Göttin - sei - Dank mache ich mir nix aus Etiketten - ich kenne allerdings Menschen, die durch ihre - von der Krankenkasse geforderte - Diagnose erst "richtig" krank wurden. Kann nicht sein? Oh, doch, kann, ich erlebte es kürzlich erst selbst, als mein Knie "in der Röhre" war und die Diagnose: "schwere Arthrose" im darauf folgenden Bericht stand. Eigentlich... war ich wegen meines Rückens beim Arzt und erwähnte gelegentliche Schmerzen im Knie nur am Rande, die standen dann aber auf dem Zettel für die "Röhre" - und wurden nach der Diagnose prompt so stark, dass ich eine Woche lang Schmerztabletten nehmen "musste". (Das Ganze ist bekannt unter dem schönen Namen "Nocebo - Effekt") 

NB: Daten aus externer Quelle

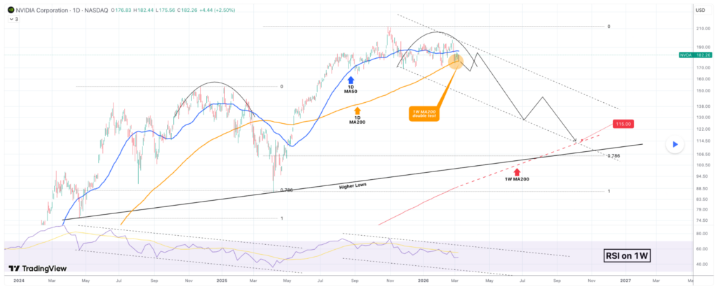 A long-standing higher-lows trendline has supported Nvidia’s uptrend for two years and is now converging with the 200-week MA, creating a potential long-term support zone if a deeper 2026 correction unfolds.

Tja, und dann war da noch die Dauer (mal abgesehen von der Klimaschädigung... jedes Mal 100 km Fahrt mit dem Auto ist CO2 neutral nicht zu haben) der Therapie. Ja, es war schön, dass mir 25 Sitzungen (= 1 Jahr) zugehört wurde. Mittlerweile denke ich: Ich wäre auch glücklich gewesen, nach 5 Sitzungen die Anerkennung für meine Problemlösungstrategien zu erfahren, die ich damals in der 24. und 25. Sitzung fand.

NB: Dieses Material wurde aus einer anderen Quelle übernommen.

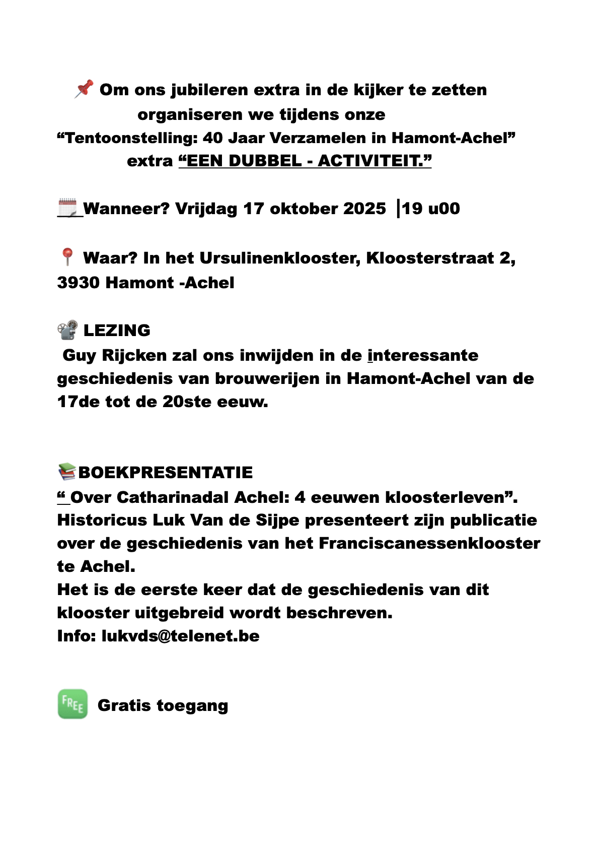 Extra dubbelactiviteit tijdens onze tentoonstelling 40 jaar verzamelen!

In einem Coaching hätte ich (nach heutigen Tarifen) vielleicht 6 Sitzungen gebraucht und dafür 300 - 500 Euro auf den Tisch gelegt. Und die Gesellschaft hätte von den positiven Effekten profitiert und keinen Cent dazu legen müssen.

Und möglicherweise hätte ich noch Instrumente und Werkzeuge mitgenommen, die ein zukünftiges Selbstcoaching möglich gemacht hätten, mich also zu mehr Eigenverantwortung und Selbständigkeit gebracht hätten.

Scheint doch sinnvoll, fürs Coaching zu bezahlen, oder was meint Ihr?

PS: Um evtl. Einwänden zu begegnen: natürlich bin ich dafür, dass bei schwerwiegenden Krankheiten (Depression, Trauma, Borderline etc. pp.) auch heute Therapie gegeben wird und natürlich bin ich dafür, dass die Solidargemeinschaft dieses trägt, weil es jede/n von uns treffen kann! 
Mir geht es um Selbstermächtigung in Problemsituationen und dass ich für diese auch selber zahle - und zwar wesentlich weniger als für eine Therapie gezahlt wird. Und mir geht es auch darum, dass Ursachenforschung in der Kindheit - wie in vielen Therapien - nicht immer nötig ist.